WHAT YOU ARE ASKED TO DO
Output the records below verbatim, minus the pictures.

Stored data entries

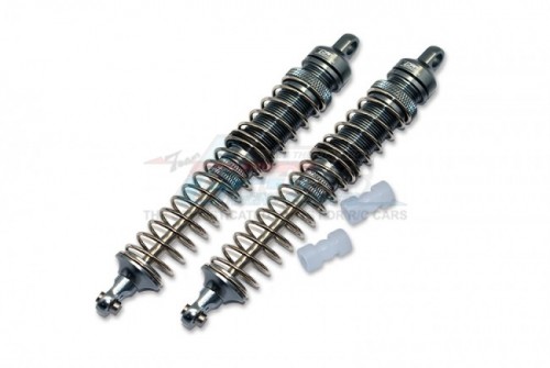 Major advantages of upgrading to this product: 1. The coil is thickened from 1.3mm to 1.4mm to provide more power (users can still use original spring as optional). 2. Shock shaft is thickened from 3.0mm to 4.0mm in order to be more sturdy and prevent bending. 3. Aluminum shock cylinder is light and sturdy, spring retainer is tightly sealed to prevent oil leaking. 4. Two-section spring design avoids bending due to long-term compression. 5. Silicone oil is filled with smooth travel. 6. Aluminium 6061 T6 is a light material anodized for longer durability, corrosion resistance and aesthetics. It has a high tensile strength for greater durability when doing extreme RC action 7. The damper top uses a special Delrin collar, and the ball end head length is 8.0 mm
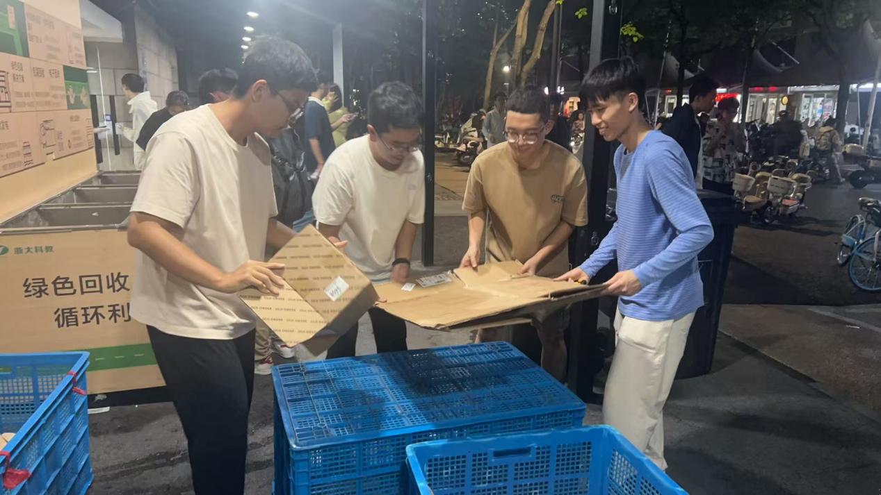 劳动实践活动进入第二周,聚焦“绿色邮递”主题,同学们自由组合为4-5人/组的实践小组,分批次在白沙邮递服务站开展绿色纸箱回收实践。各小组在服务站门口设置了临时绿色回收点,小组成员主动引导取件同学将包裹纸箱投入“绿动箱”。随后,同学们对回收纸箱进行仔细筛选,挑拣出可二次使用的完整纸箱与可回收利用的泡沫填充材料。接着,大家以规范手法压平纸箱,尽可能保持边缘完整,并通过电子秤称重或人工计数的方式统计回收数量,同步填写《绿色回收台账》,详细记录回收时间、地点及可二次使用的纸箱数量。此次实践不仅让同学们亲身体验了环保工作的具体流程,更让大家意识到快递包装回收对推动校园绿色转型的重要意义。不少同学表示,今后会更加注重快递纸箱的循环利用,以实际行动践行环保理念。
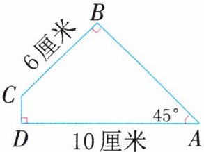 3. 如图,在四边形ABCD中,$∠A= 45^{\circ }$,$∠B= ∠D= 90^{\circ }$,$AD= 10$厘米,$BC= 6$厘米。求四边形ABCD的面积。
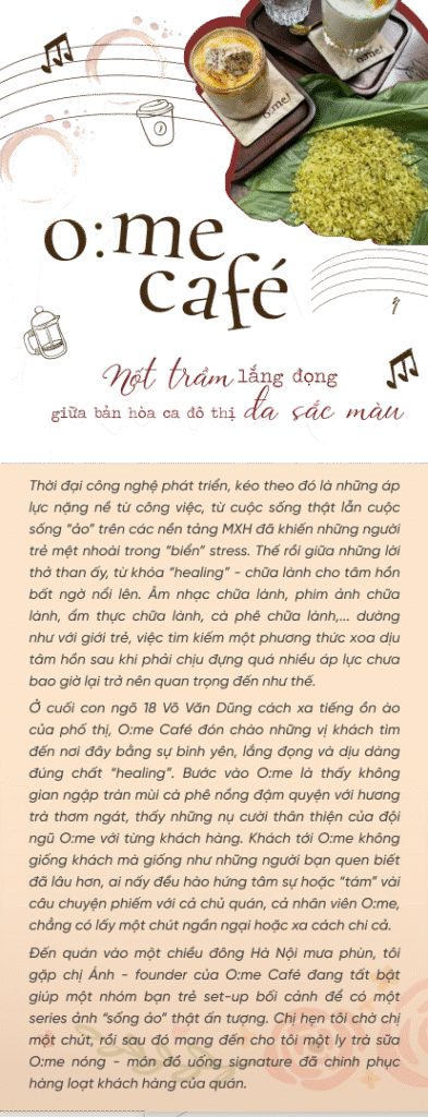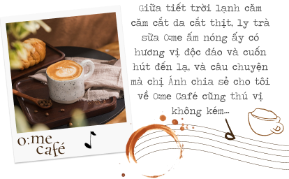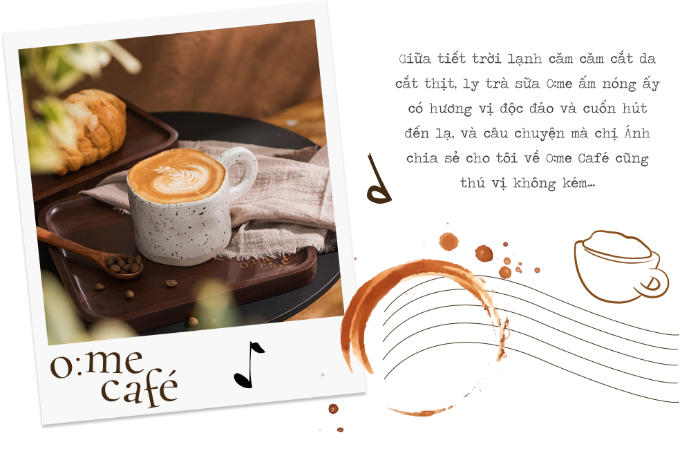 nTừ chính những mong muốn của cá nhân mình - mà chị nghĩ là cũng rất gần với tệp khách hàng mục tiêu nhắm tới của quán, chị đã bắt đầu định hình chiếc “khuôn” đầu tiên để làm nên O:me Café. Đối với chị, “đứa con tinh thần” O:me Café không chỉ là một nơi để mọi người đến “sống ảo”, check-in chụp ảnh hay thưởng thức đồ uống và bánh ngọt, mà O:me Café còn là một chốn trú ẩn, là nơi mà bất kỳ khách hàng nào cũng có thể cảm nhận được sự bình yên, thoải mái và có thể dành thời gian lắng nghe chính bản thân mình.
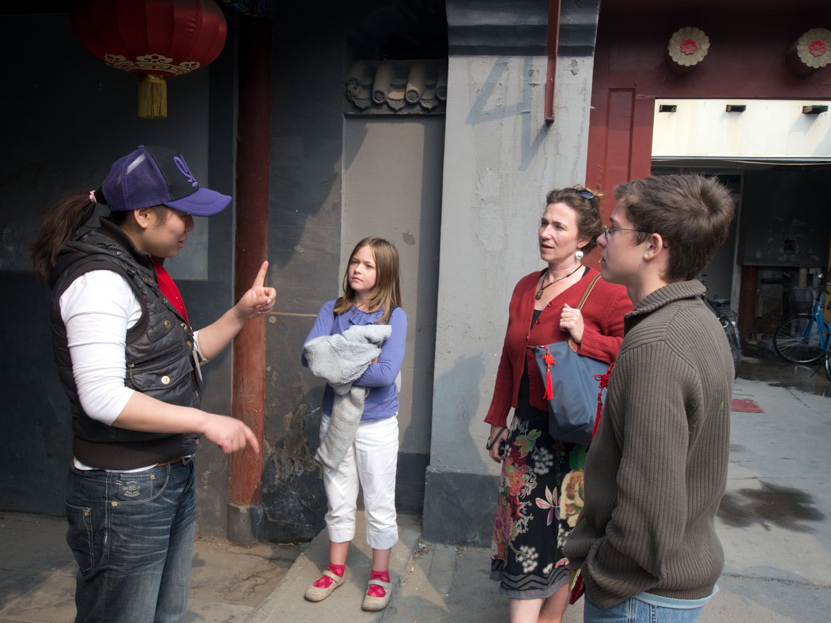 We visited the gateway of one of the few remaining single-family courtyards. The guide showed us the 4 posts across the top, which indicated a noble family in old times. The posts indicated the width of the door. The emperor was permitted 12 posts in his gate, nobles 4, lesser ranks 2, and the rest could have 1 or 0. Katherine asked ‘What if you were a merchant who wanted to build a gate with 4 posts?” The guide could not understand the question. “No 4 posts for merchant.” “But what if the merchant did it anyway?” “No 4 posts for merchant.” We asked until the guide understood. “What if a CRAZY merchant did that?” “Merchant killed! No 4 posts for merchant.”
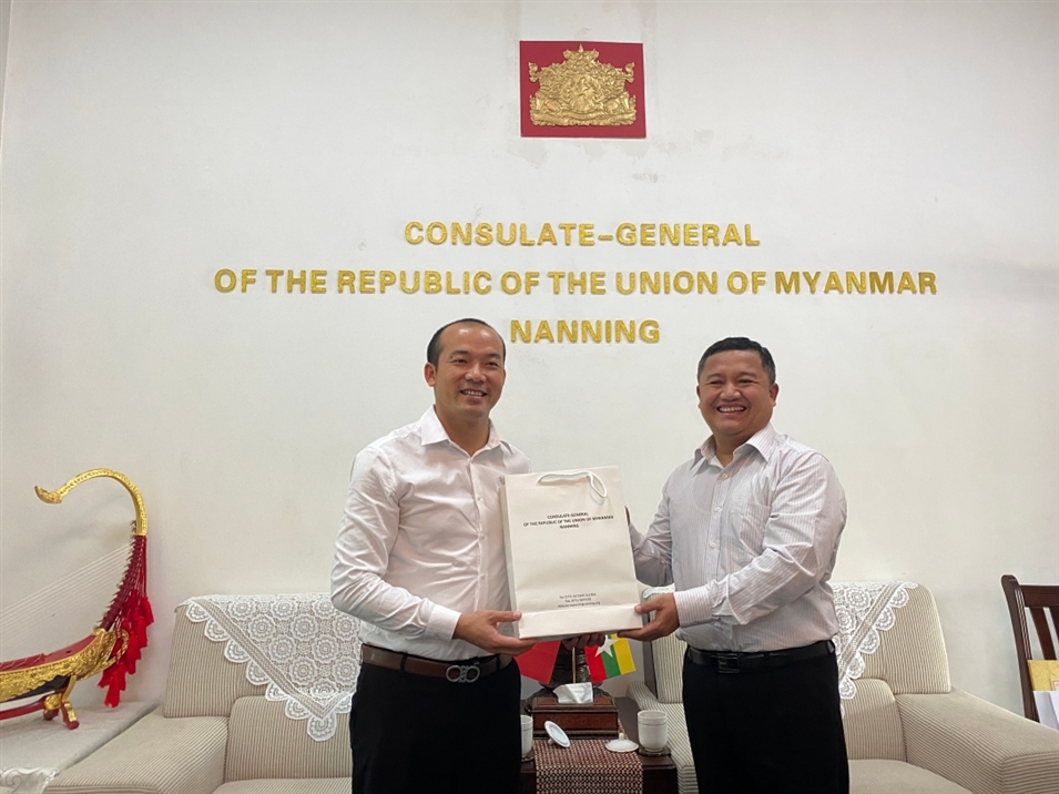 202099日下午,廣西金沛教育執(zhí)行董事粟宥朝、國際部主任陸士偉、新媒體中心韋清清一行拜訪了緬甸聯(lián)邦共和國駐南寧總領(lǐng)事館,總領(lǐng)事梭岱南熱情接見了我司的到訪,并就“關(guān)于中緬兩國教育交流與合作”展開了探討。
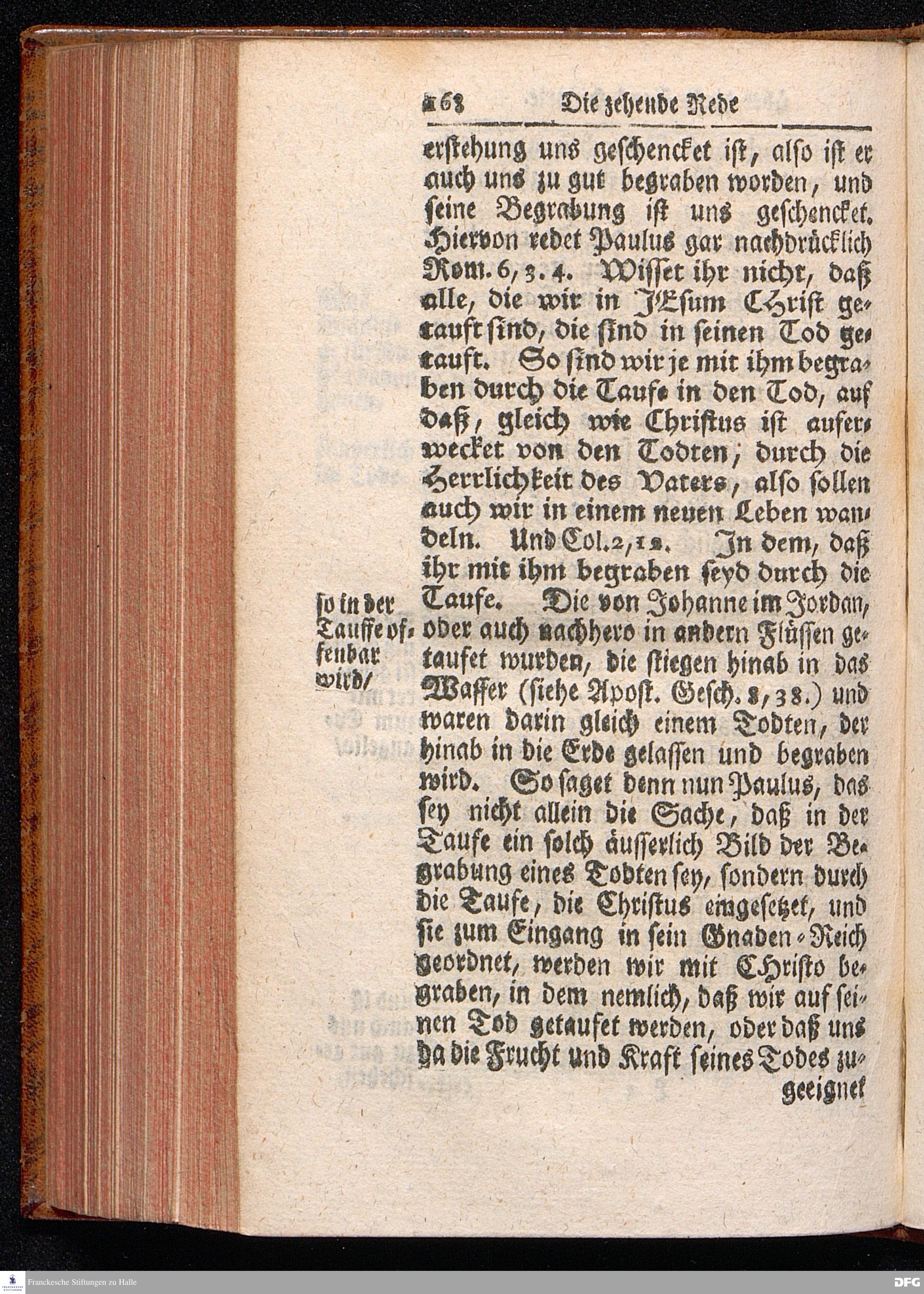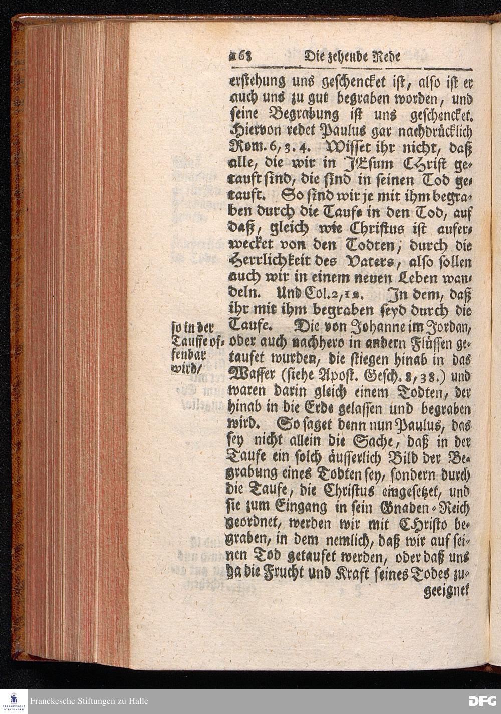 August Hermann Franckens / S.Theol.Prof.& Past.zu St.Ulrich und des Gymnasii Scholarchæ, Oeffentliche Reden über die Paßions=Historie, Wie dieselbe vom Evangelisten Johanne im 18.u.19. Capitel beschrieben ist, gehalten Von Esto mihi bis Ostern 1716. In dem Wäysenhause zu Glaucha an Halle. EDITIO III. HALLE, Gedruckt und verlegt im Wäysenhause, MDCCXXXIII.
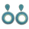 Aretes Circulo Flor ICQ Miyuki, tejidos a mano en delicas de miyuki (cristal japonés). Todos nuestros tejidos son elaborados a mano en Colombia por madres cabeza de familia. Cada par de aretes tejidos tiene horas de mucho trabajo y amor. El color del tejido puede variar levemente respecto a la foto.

RESULT
 Major advantages of upgrading to this product: 1. The coil is thickened from 1.3mm to 1.4mm to provide more power (users can still use original spring as optional). 2. Shock shaft is thickened from 3.0mm to 4.0mm in order to be more sturdy and prevent bending. 3. Aluminum shock cylinder is light and sturdy, spring retainer is tightly sealed to prevent oil leaking. 4. Two-section spring design avoids bending due to long-term compression. 5. Silicone oil is filled with smooth travel. 6. Aluminium 6061 T6 is a light material anodized for longer durability, corrosion resistance and aesthetics. It has a high tensile strength for greater durability when doing extreme RC action 7. The damper top uses a special Delrin collar, and the ball end head length is 8.0 mm
 劳动实践活动进入第二周,聚焦“绿色邮递”主题,同学们自由组合为4-5人/组的实践小组,分批次在白沙邮递服务站开展绿色纸箱回收实践。各小组在服务站门口设置了临时绿色回收点,小组成员主动引导取件同学将包裹纸箱投入“绿动箱”。随后,同学们对回收纸箱进行仔细筛选,挑拣出可二次使用的完整纸箱与可回收利用的泡沫填充材料。接着,大家以规范手法压平纸箱,尽可能保持边缘完整,并通过电子秤称重或人工计数的方式统计回收数量,同步填写《绿色回收台账》,详细记录回收时间、地点及可二次使用的纸箱数量。此次实践不仅让同学们亲身体验了环保工作的具体流程,更让大家意识到快递包装回收对推动校园绿色转型的重要意义。不少同学表示,今后会更加注重快递纸箱的循环利用,以实际行动践行环保理念。
 3. 如图,在四边形ABCD中,$∠A= 45^{\circ }$,$∠B= ∠D= 90^{\circ }$,$AD= 10$厘米,$BC= 6$厘米。求四边形ABCD的面积。
 nTừ chính những mong muốn của cá nhân mình - mà chị nghĩ là cũng rất gần với tệp khách hàng mục tiêu nhắm tới của quán, chị đã bắt đầu định hình chiếc “khuôn” đầu tiên để làm nên O:me Café. Đối với chị, “đứa con tinh thần” O:me Café không chỉ là một nơi để mọi người đến “sống ảo”, check-in chụp ảnh hay thưởng thức đồ uống và bánh ngọt, mà O:me Café còn là một chốn trú ẩn, là nơi mà bất kỳ khách hàng nào cũng có thể cảm nhận được sự bình yên, thoải mái và có thể dành thời gian lắng nghe chính bản thân mình.
 We visited the gateway of one of the few remaining single-family courtyards. The guide showed us the 4 posts across the top, which indicated a noble family in old times. The posts indicated the width of the door. The emperor was permitted 12 posts in his gate, nobles 4, lesser ranks 2, and the rest could have 1 or 0. Katherine asked ‘What if you were a merchant who wanted to build a gate with 4 posts?” The guide could not understand the question. “No 4 posts for merchant.” “But what if the merchant did it anyway?” “No 4 posts for merchant.” We asked until the guide understood. “What if a CRAZY merchant did that?” “Merchant killed! No 4 posts for merchant.”
 202099日下午,廣西金沛教育執(zhí)行董事粟宥朝、國際部主任陸士偉、新媒體中心韋清清一行拜訪了緬甸聯(lián)邦共和國駐南寧總領(lǐng)事館,總領(lǐng)事梭岱南熱情接見了我司的到訪,并就“關(guān)于中緬兩國教育交流與合作”展開了探討。
 August Hermann Franckens / S.Theol.Prof.& Past.zu St.Ulrich und des Gymnasii Scholarchæ, Oeffentliche Reden über die Paßions=Historie, Wie dieselbe vom Evangelisten Johanne im 18.u.19. Capitel beschrieben ist, gehalten Von Esto mihi bis Ostern 1716. In dem Wäysenhause zu Glaucha an Halle. EDITIO III. HALLE, Gedruckt und verlegt im Wäysenhause, MDCCXXXIII.
 Aretes Circulo Flor ICQ Miyuki, tejidos a mano en delicas de miyuki (cristal japonés). Todos nuestros tejidos son elaborados a mano en Colombia por madres cabeza de familia. Cada par de aretes tejidos tiene horas de mucho trabajo y amor. El color del tejido puede variar levemente respecto a la foto.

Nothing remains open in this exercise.